A Method of Estimating Groundwater Return Flow to Rivers from Riparian Irrigation Districts

Monday, May 5, 2014
Jianting Zhu , Department of Civil and Architectural Engineering, University of Wyoming, Laramie, WY

An improved understanding of the water budget components in floodplain aquifers is necessary to implement and support water accounting requirements for use of river water. Of critical importance is the groundwater return flow as a result of recharge from irrigated water in a typical irrigation district near a river, which is the most uncertain and difficult component to be estimated. The objectives of this study are to (1) develop an effective but simple approach to estimate the amount of groundwater return flow to the river due to irrigation recharge, and (2) conduct uncertainty and sensitivity analyses of groundwater return flow to various recharge scenarios. The approach takes advantage of comprehensive drainage network typical in irrigation districts. The approach is evaluated and tested against numerical model results. It is found that the approach is accurate in calculating groundwater return flow for practical purposes with less than 10% error. We further examine how groundwater return flow may change in response to variations in recharge distributions using the proposed approach. As long as information about river stage, drain stage, and distributions of irrigation water is available, the approach could forecast changes in the amount of return flows.

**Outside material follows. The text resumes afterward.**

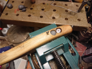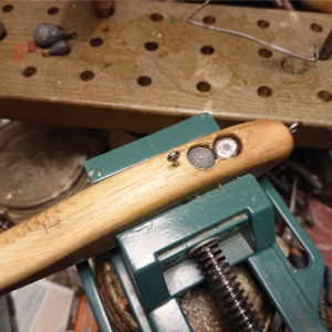 8. Varmista ennen liimaamista, että saat työnnettyä ruuvin riittävän syvälle! Täytä sitten ruuvikolo epoksilla ja sivele sitä myös ruuville ennen kiinnittämistä. Katso, että silmäruuvi menee sen verran syvälle, että lenkin alareuna peittyy liimalla.

Jianting Zhu, Department of Civil and Architectural Engineering, University of Wyoming, Laramie, WY
Jianting "Julian" Zhu has been in national laboratories, research institutes, and universities in Canada and the United States for the past 20 years. He is currently a faculty member at the University of Wyoming. His research areas include: scale issues in hydrology and ecology, subsurface hydrology, upscaling of hydrological processes, uncertainty and sensitivity analysis, numerical modeling of hydrology and hydraulics, stochastic analysis and its applications, multiphase fluid flows and contaminant transport in porous media, and artificial neural network applications in hydrology and ecology. His teaching areas include: fluid dynamics, hydrometeorology, groundwater hydrology, hydrology, hydraulic engineering, geostatistics, and reservoir mechanics.